The world’s rich nations must help vaccinate the poorest nations or else they will face a continual cycle of economic shocks and restrictions in the face of new variants, the OECD’s chief economist has said.
Laurence Boone told Sky News that the Omicron variant could cause the OECD (Organisation for Economic Co-operation and Development) to downgrade its outlook for economic growth and inflation, but it is too early to say what damage it could cause.
She said that the variant was a reminder that for the richest countries – a group represented by the OECD – funding vaccinations in the developing world would cost only a fraction of their outlay in the past 18 months yet would bring immeasurable benefits.
“As long as the global population is not vaccinated, this type of variant can come in and bring restrictions,” she said.
“We G20 countries have spent about $10trn to support our economies in the pandemic – it costs $50bn to bring vaccines to the entire population.
“As long as the world stays as it is, what we’re going to see is countries which are going to have to shut down their economies or will have to close their borders and all the disruption of production chain across the globe.”
Her comments came as she unveiled the OECD’s latest set of economic forecasts.
The figures, which were modelled before news broke of the new variant, see upgrades to economic growth – and inflation – for many countries around the world, including the UK.

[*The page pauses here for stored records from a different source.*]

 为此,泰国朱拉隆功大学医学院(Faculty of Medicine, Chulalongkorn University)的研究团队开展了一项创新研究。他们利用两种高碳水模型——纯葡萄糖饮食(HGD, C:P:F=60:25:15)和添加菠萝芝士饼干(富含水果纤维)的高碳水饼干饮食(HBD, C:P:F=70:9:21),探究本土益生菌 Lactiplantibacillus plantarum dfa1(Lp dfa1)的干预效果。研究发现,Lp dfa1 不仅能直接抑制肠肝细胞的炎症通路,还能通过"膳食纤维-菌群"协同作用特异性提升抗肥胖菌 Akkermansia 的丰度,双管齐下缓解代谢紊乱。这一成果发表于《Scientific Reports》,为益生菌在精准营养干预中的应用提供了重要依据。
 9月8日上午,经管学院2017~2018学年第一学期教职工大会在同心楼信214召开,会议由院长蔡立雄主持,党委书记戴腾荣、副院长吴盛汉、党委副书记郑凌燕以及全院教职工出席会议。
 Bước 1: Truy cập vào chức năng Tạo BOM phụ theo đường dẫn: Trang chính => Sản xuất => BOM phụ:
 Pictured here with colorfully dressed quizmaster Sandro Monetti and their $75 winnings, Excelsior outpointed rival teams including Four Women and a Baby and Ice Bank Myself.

Britain’s expected growth rate this year, 6.9%, is the strongest of all the G7 leading economies, though it follows the deepest recession among those economies, according to the OECD’s numbers.

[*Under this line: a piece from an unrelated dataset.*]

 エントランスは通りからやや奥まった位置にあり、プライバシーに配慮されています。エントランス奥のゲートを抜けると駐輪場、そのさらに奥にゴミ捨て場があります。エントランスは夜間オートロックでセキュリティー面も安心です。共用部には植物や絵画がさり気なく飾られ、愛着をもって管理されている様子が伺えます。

The economic outlook warned that while the global recovery was progressing, it had lost some momentum and was becoming increasingly “imbalanced”, with some parts of the world bouncing back quicker than others.
Much of this divergence was correlated with vaccination status, with lower income countries with low levels of vaccinations struggling economically.
The OECD forecast inflation of 4.4% in the US and UK this year.
It said: “Inflation is on everybody’s minds and there is a lot of uncertainty about central banks’ reactions…
“In current circumstances, the best thing central banks can do is to wait for supply tensions to diminish and signal they will act if necessary.
“Should supply constraints persist, while GDP and employment continue to grow briskly and fuel broader price increases, higher inflation pressure could last longer, destabilising people’s expectations.
“That would call for action.”
It comes a day after the Federal Reserve, the US central bank, signalled that inflation could prove less “transitory” than it had previously anticipated.
The Bank of England had been expected to increase interest rates at this month’s monetary policy committee meeting but the economic uncertainty from the onset of the Omicron variant may change that.